**HOW TO COMPLETE THIS TASK**
Look below for the line holding "Quasi tutto pronto" and the line holding "Hit the road". Repeat those two and everything between, exactly.

**GIVEN DATA**

-- Opening Marker --

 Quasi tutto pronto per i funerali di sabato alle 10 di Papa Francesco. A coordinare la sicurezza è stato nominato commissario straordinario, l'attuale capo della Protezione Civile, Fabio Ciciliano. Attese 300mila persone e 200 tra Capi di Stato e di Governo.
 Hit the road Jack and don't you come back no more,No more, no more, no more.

-- Closing Marker --
-- Opening Marker --

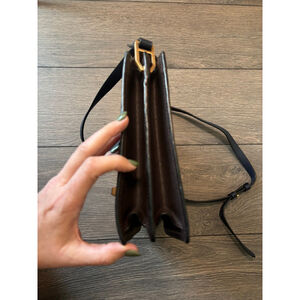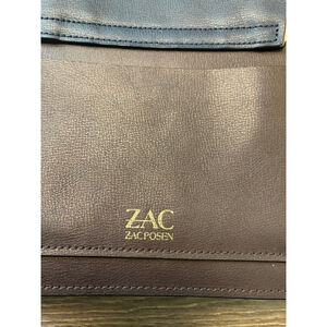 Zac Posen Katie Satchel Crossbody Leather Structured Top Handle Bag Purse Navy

-- Closing Marker --

**SOLVED PROBLEM**
 Quasi tutto pronto per i funerali di sabato alle 10 di Papa Francesco. A coordinare la sicurezza è stato nominato commissario straordinario, l'attuale capo della Protezione Civile, Fabio Ciciliano. Attese 300mila persone e 200 tra Capi di Stato e di Governo.
 Hit the road Jack and don't you come back no more,No more, no more, no more.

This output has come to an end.